Een breed assortiment én snel kunnen leveren; daarin schuilt volgens Jeroen Linders de kracht van Linders Kwekerijen. Maar ook het feit dat de vasteplantenteler uit Ell zoveel mogelijk zijn eigen koers bleef varen, zorgde ervoor dat het bedrijf de afgelopen dertig jaar vrijwel continu positieve cijfers liet zien. Desondanks ziet hij de nodige uitdagingen voor de toekomst: onder meer het schaarser wordende middelenpakket en de opdrogende stroom vakmensen baren hem zorgen.
De roots van Jeroen Linders (57) liggen niet in de tuinbouwsector; zijn vader was vertegenwoordiger in potten en pannen.
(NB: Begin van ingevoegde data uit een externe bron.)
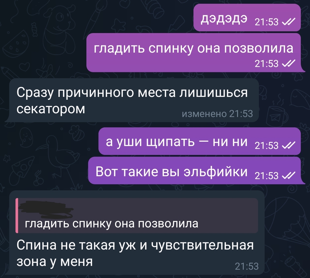 >>10427428 > откровенно пишет что по спине мол гладить не надо(гладь пониже), но хамбл тралл Вот уж реально кто то додумывает то, чего на самом деле нет. Я никому нахуй не всрался. К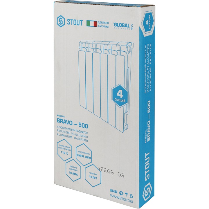 Радиаторы STOUT Bravo/Bravo Ventil собираются из отдельных секций, которые изготавливаются из качественного алюминиевого сплава методом литья под давлением. Наружная поверхность секции радиатора окрашена порошковой эмалью белого цвета (RAL 9010).Каждая секция представляет собой единый монолит из двух коллекторов и связывающего их оребрения,

Toch zorgde diens baan ervoor dat de Limburger uiteindelijk voor een groene toekomst koos. “Het bedrijf waar mijn vader werkte, ging op een bepaald moment ook hobbykweekkassen verkopen”, vertelt de ondernemer. “Enkele exemplaren werden in de showtuin bij de fabriek geplaatst, met daarin perkgoed en vaste planten. In mijn vrije tijd hielp ik de man die hier verantwoordelijk voor was. En toen hij ziek werd, nam ik het zelfs helemaal over. Dat vond ik geweldig. Daarom besloot ik uiteindelijk naar de Middelbare Tuinbouwschool te gaan.”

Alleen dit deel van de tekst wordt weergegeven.